Начнем с семиотического определения. «Под языком мы будем понимать всякую коммуникационную систему, пользующуюся знаками, упорядоченными особым образом <…>. Всякий язык пользуется знаками, которые составляют его „словарь“, всякий язык обладает определенными правилами сочетания этих знаков, всякий словарь представляет собой определенную структуру, и структуре этой свойственна иерархичность… Язык есть форма коммуникации между двумя индивидами… Понятие „индивидуум“ удобнее будет заменить „передающим сообщение“ (адресантом) и „принимающим сообщение“ (адресатом)».[13]
Это определение, благодаря наличию в нем правил сочетания знаков, отделяет языки «от тех промежуточных систем, которыми, в основном, занимается паралингвистика, – мимики, жестов и т. п.» (там же, с. 15). В то же время оно, ввиду своей общности, непригодно для наших целей, поскольку охватывает и языки программирования и языки искусства. Однако, если принять, что 1) адресат и адресант коммуникации – живые существа и 2) знаки языка являются условными, символическими (а не иконическими, как в языках искусства), класс охватываемых определением Лотмана языков существенно сузится в нужном нам направлении.
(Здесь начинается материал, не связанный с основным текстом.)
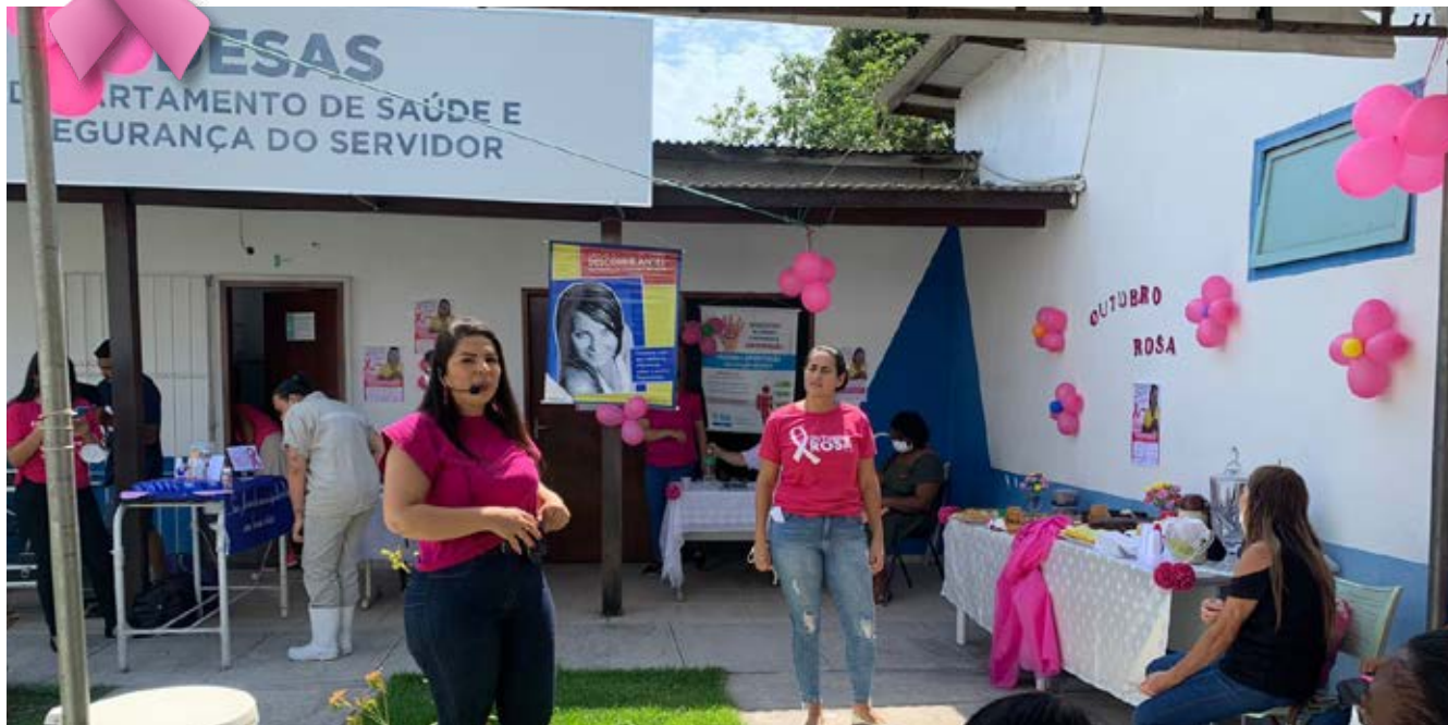
Unidades estão promovendo atividades educativas voltadas para Saúde da Mulher

A programação da campanha Outubro Rosa segue diversificada em Rio das Ostras e o Dia D já está marcado para o próximo sábado, 22 de outubro, com atividades a partir de 9h. Nesta quinta, 20, tem caminhada na Praia da Tartaruga e na sexta, 21, Dia da Beleza, na Praça José Pereira Câmara, no Centro.

Рассмотрим теперь лингвистическое определение. «Естественный язык – это особого рода преобразователь, выполняющий переработку заданных смыслов в соответствующие им тексты и заданных текстов в соответствующие им смыслы. <…> Слово „смысл“ употребляется нами как синоним фрегевского Sinn „смысл“, моррисовского „сигнификат“, карнаповского „интенсионал“ и соссюровского signifié; традиционным соответствием всем этим терминам в лингвистике является весьма расплывчатый термин „значение“… Обозначаемому указанными терминами понятию противопоставляется… „денотат“ (Ч. Моррис, А. Чёрч), „экстенсионал“ (Р. Карнап), „референт“… т. е. нечто, имеющее место в реальной действительности, в частности – предмет, событие и т. п. <…> Смысл есть, по определению, инвариант всех синонимических преобразований, т. е. то общее, что имеется в равнозначных текстах».[14] Текстом в этом определении называется разборчивая дискретная запись устной речи.
Как мы видим, в этом определении также имеется упорядоченная (синтаксическими правилами) последовательность языковых знаков (текст), вообще говоря, не обязательно речевых – это может быть и фиксированная дискретная последовательность жестов языка глухонемых и пр. «Индивидуумы» (носители языка, т. е. обладатели такого преобразователя) обмениваются текстами, осуществляя посредством языка коммуникативную функцию. Один индивидуум порождает текст, вкладывая в него нужный смысл (осуществляет преобразование Смысл → Текст), а другой, восприняв этот текст, извлекает из него этот смысл (осуществляет обратное преобразование Текст → Смысл).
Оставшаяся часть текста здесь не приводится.